Sorriso de Monalisa

Seus olhos farejavam, seu nariz lacrimejava, pra ela pouco importava se as palavras estavam trocadas. Luciana estava atônita demais a desenhar o caminho que iria traçar. Tirava as melhores notas, era exemplar, não ia muito a festas e por ser sempre assim era cobrada demais. Seus pais não percebiam, mas a prendiam dentro de si mesma. Em seu pequeno circulo de amizades, sentia-se bem, por vezes sentia-se mal, isso porque seus amigos eram ainda mais exemplares e a faziam sentir-se inferior.

Extremamente insegura, tinha a impressão de que todas as palavras que saíam de sua boca eram erradas, mas não faziam sentido por puro nervosismo momentâneo. Cobrava-se, cobravam dela, mas era apenas uma adolescente que ainda pensa ser criança! Sua mãe constantemente a perguntava:

-Filha , já decidiu o que irá fazer? Que tal ser médica, olha que bonito ficaria seu nome: Doutora Luciana, já imaginou? Que imenso orgulho!

Seu pai, achava que sua princesinha seguiria seus passos, e faria Engenharia, qual quer que fosse.
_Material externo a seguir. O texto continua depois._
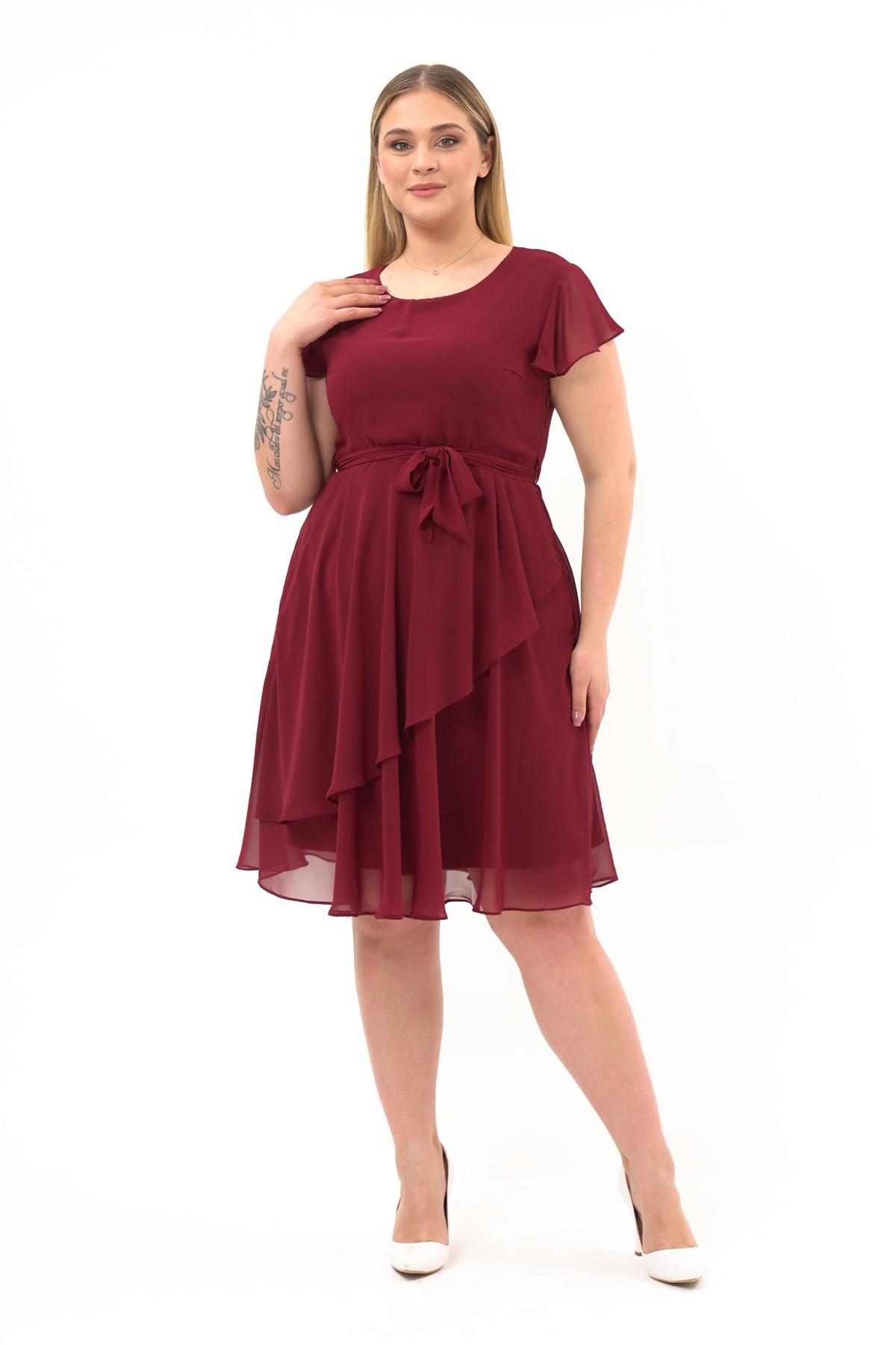 Женское шифоновое платье миди с круглым вырезом и воланами большого размера 4337/110 39 бордовый

Luciana estava cada vez mais perdida dentro de si mesma, em seus pensamentos sabia exatamente o que queria, mas sentia-se mal por não desejar o que eles queriam pra ela. Havia um grande peso, que mal podia suportar, só de saber que não superaria todas as expectativas. Sempre foi apaixonada pela arte e tudo que se referia a ela. Seu coração era feito com escritas de cores, traços, pincelada. Queria ser pintora e um dia ser reconhecida por seu trabalho. Tinha talento e tinha paixão, só isso bastava. Não, não bastava! Seus pais mal podiam imaginar tal decisão, não aceitariam. Pois isto foi dito e feito:

-Filha você precisa ganhar dinheiro, como viverá de arte?

Falavam seus pais juntamente com a sociedade inteira. Com estes dizeres derrubaram seus sonhos de cima do monte Everest e junto com eles caíram lágrimas infindáveis. Luciana não cabia em tanta melancolia. Triste, observava-os indo embora e levando consigo parte de sua alma. Cada vez mais distantes. Estavam tão longe, mas nunca desapareciam. Permaneciam apenas pra intensificar sua dor. Procurou então outra profissão, optou pelo caminho que o pai decidira.
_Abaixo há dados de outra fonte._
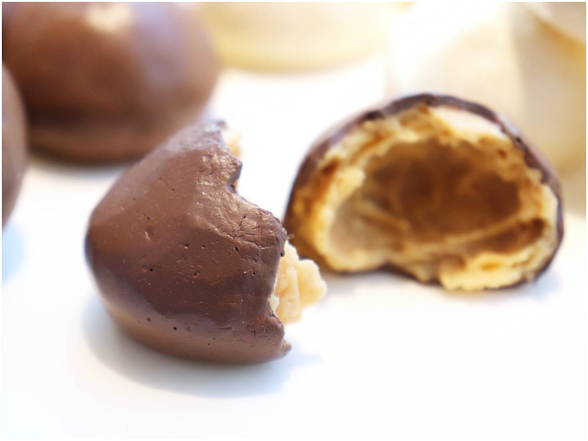 甘さは控えめで、ホワイトチョコレートの上品な甘さとシュー生地のほんのりした塩味のバランスが絶品!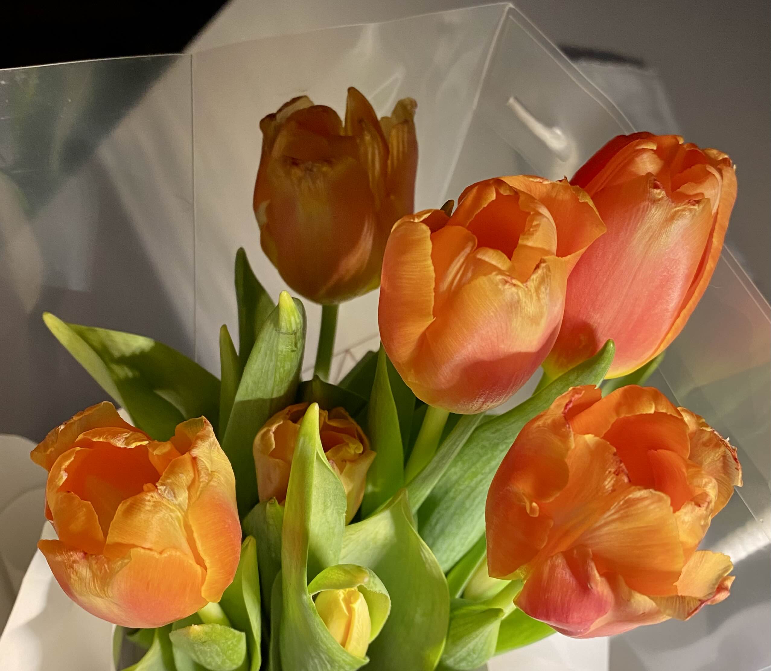 낮에 아무말도 없더니, 저녁에 요렇게 튤립을 내민다.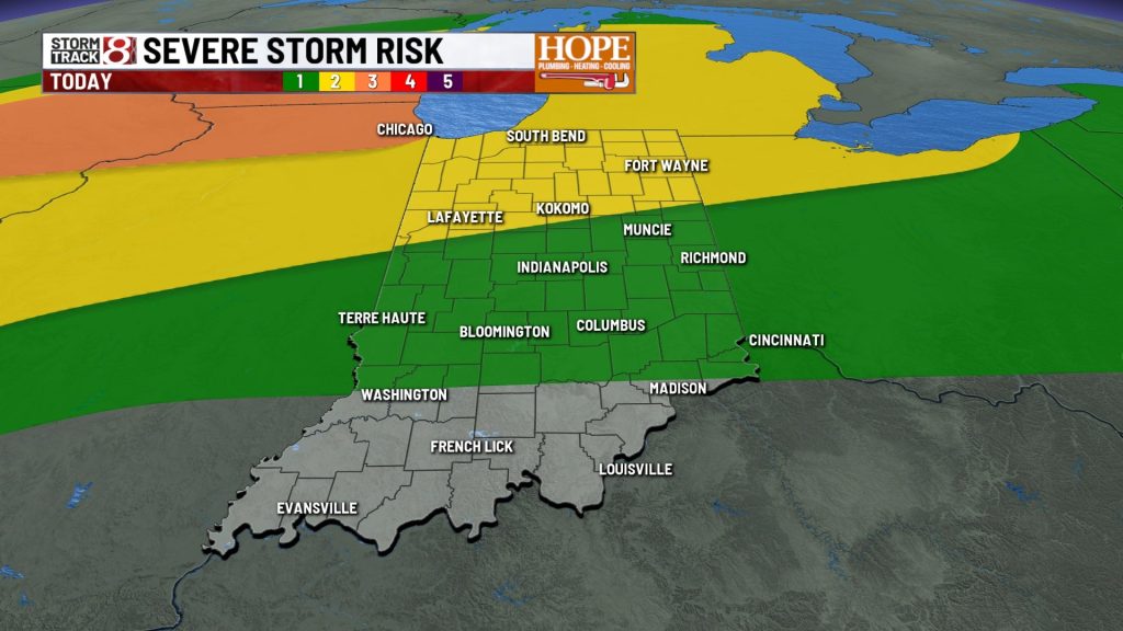 Attention will turn to scattered thunderstorms developing later in the day. The main focus area will be across central and north-central portions of the state late this afternoon into the evening hours. Any storms that develop could be strong to severe, with damaging winds and large hail as the primary threats. Isolated tornadoes cannot be ruled out. The northern third of the state is under a Level 2 out of 5 risk for severe weather, while much of central Indiana is in a Level 1 out of 5 risk.

No ano seguinte, prestou vestibular e passou, foram dois anos dedicados somente aos estudos. Casa,cursinho e escola. Mas jamais abandonara suas telas, dia após dia suas pinturas ficavam mais escuras, a arte sempre fora o espelho de sua alma.
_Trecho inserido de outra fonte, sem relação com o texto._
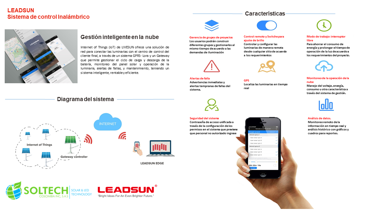 Toda la gama de Leadsun ofrece la función de operar y controlar los sistemas a distancia, algo novedoso y de gran utilidad. Para ello utiliza una gama de tecnologías de conexión inalámbrica como Bluetooth o WiFi para conectarse de forma segura cada dispositivo. Por otro lado, Leadsun ha incorporado lo último en redes “Meshnetworking” para proporcionar una conectividad entre todos los sistemas de luz solar y a la que puede accederse a distancia a través de tecnología GPRS o 433.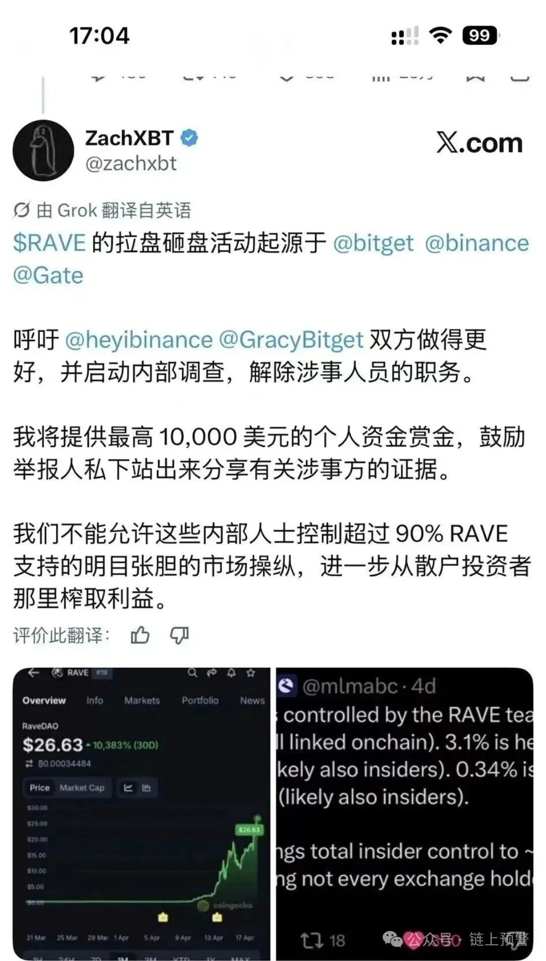 三、交易所沦为帮凶,100%控盘收割散户RAVE的这场疯狂涨跌,从来不是市场自然行为,而是赤裸裸的操盘收割。有业内人士爆料,RAVE的拉盘砸盘行为,从一开始就和bitget、binance、Gate等交易所脱不了干系。甚至有人拿出1万美元悬赏,呼吁交易所调查内部涉事人员,因为这些内部人士控制了超90%的RAVE筹码,明目张胆地操控市场,从散户身上榨取利益。从链上数据也能看出,RAVE大量筹码被团队和内部人士掌控,散户不过是他们砧板上的肉。拉涨百倍是为了猎杀做空的大户,再反手暴跌收割追涨的散户,最后一根K线直接把所有追涨的人都套牢,这哪里是投资,分明是明目张胆的抢劫。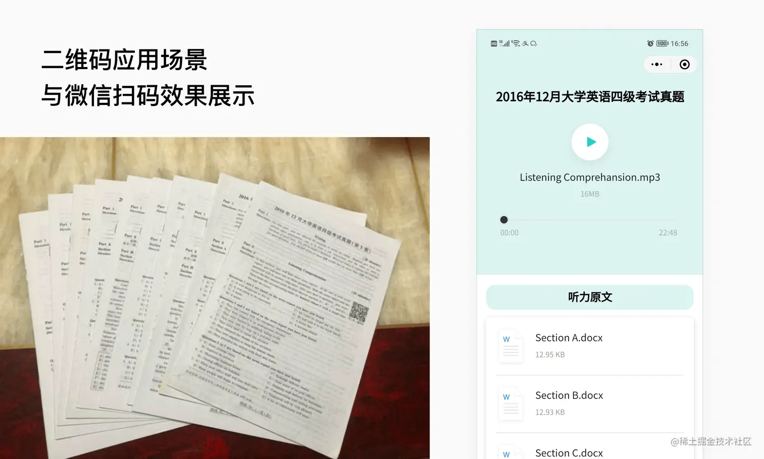 教学培训、技术交底、办事指南、产品说明等应用场景中,通过二维码展示文字、图片、文档、音视频等纸面无法展示的丰富内容。微信扫码就能查看,并可以在后台随时更新展示内容、实时统计扫描量。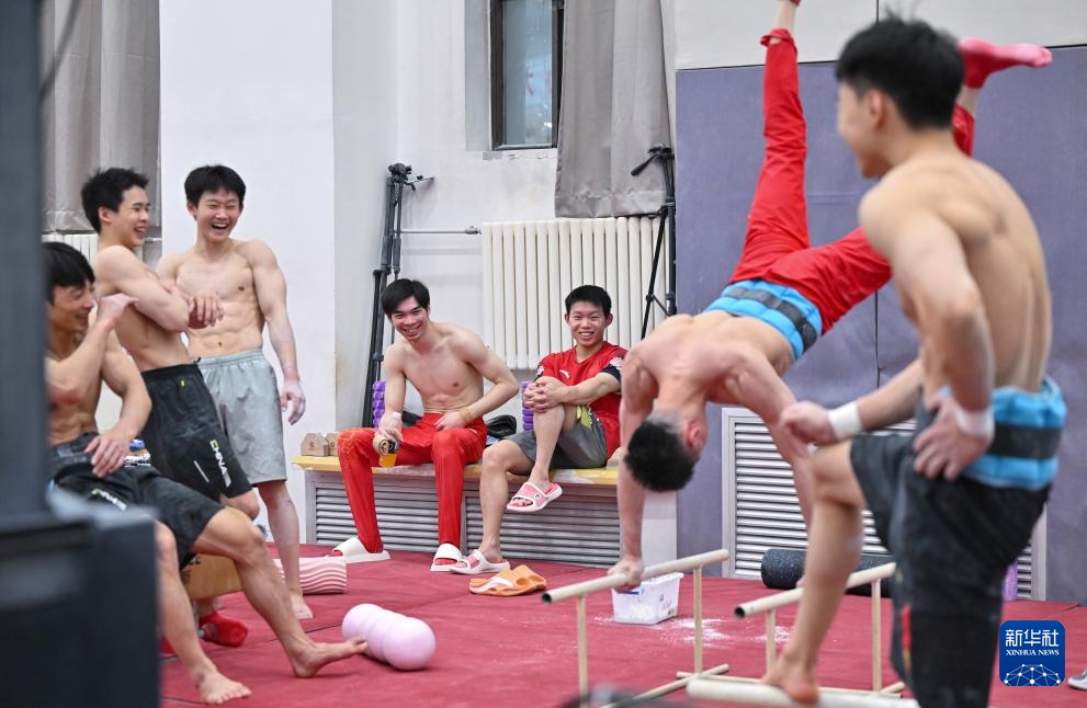 3月14日,队员在体能测试间隙笑着观看队友高天龙(右二)倒立。新华社记者 陶希夷 摄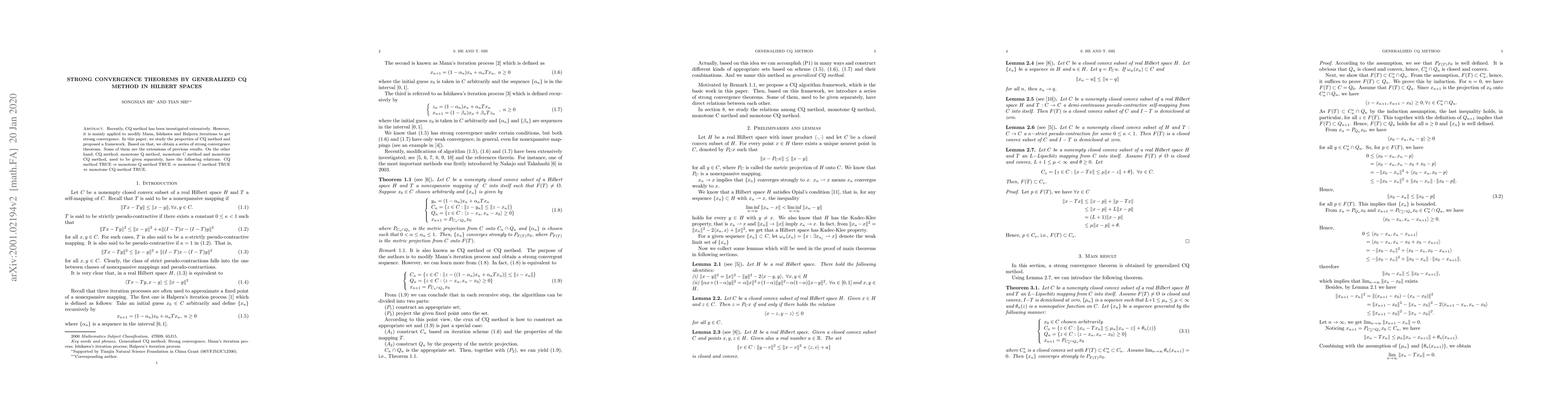 Recently, CQ method has been investigated extensively. However, it is mainly applied to modify Mann, Ishikawa and Halpern iterations to get strong convergence. In this paper, we study the properties of CQ method and proposed a framework. Based on that, we obtain a series of strong convergence theorems. Some of them are the extensions of previous results. On the other hand, CQ method, monotone Q method, monotone C method and monotone CQ method, used to be given separately, have the following relations: CQ method TRUE $\Rightarrow$ monotone Q method TRUE $\Rightarrow$ monotone C method TRUE $\Leftrightarrow$ monotone CQ method TRUE.

Na primeira semana da faculdade, só conseguia ver números que a perseguiam e não paravam de atormentá-la. Não entendia e não via razão alguma naquelas fórmulas extremamente complexas, nem queria entender. Conheceu bons amigos, riu, esqueceu das infelicidades. Professor em sala: perguntou-se pela milésima vez: o que faço aqui? Era um peixe de águas doces e calmas que agora se encontrava em mar turbulento e salgado; não se sentia viva, faltava-lhe o oxigênio. Notas péssimas faziam parte do boletim de uma aluna exemplar. Abandou, disse chega. Escolheu a palheta clara. Sorriu novamente. Foi admitida; estava agora sentada em frente a um monitor de 15 polegadas, em um escritório fechado no centro de sua amada metrópole. Tudo o que queria era ver a luz do sol e retratar um instante de luz, como em uma pintura impressionista. Saía às 21h00 da noite, mal podia ver a lua, estava exausta demais: apenas deitava e dormia em sono profundo, nem assim estava tranquila, pois sonhava com todas essas inquietações.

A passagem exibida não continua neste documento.